[[ Provided data, beginning ]]
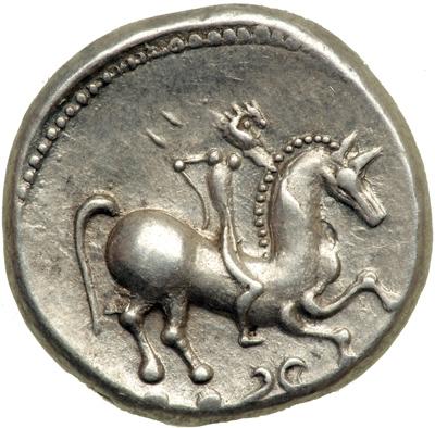 Celtic Coinage, Danubian Region, c. Second Century BC. AR Tetradrachm (13.10 g). Bearded and laureate head right of Zeus. Reverse: Rider on horse prancing right. Cf. Dewing 63; cf. Forrer volume. I, p. 168, 325. Extremely Fine.
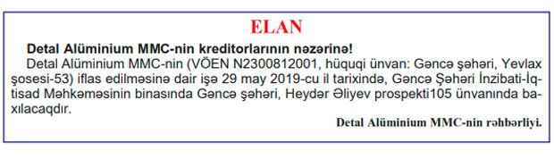 "Marja" MMC-nin "kreditorlarının nəzərinə" başlığı ilə rəsmi mətbuatda dərc etdirdiyi elanına istinadən xəbər verir ki, "Detal Alüminium" MMC-nin iflas edilməsinə dair işə 29 May 2019-cu il tarixində Gəncə şəhəri İnzibati-İqtisad məhkəməsində baxılacaqdır.
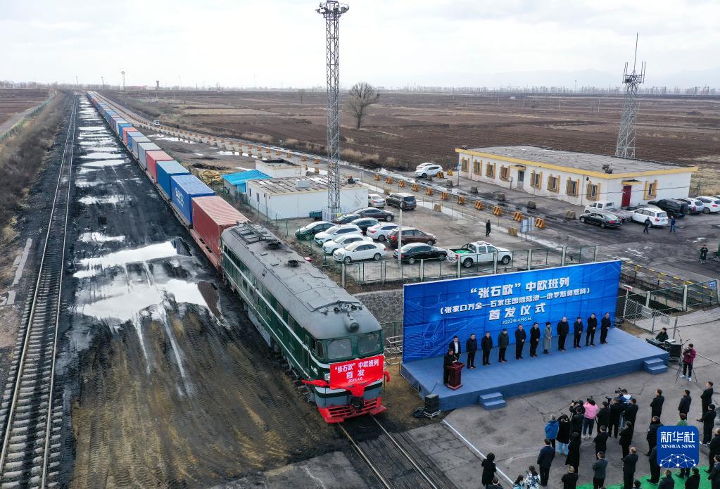 当日,河北省张家口市中欧班列首发仪式在万全西站举行。首发班列装载有汽车配件等商品,将从内蒙古二连浩特口岸出境,驶往莫斯科。这是张家口市开行的首趟中欧班列,开启了该市与欧洲经贸往来的高效陆路新通道。
[[ Provided data, end ]]
When repeating the material above, keep every line exact and drop all pictures.

[Exercise solution]
 Celtic Coinage, Danubian Region, c. Second Century BC. AR Tetradrachm (13.10 g). Bearded and laureate head right of Zeus. Reverse: Rider on horse prancing right. Cf. Dewing 63; cf. Forrer volume. I, p. 168, 325. Extremely Fine.
 "Marja" MMC-nin "kreditorlarının nəzərinə" başlığı ilə rəsmi mətbuatda dərc etdirdiyi elanına istinadən xəbər verir ki, "Detal Alüminium" MMC-nin iflas edilməsinə dair işə 29 May 2019-cu il tarixində Gəncə şəhəri İnzibati-İqtisad məhkəməsində baxılacaqdır.
 当日,河北省张家口市中欧班列首发仪式在万全西站举行。首发班列装载有汽车配件等商品,将从内蒙古二连浩特口岸出境,驶往莫斯科。这是张家口市开行的首趟中欧班列,开启了该市与欧洲经贸往来的高效陆路新通道。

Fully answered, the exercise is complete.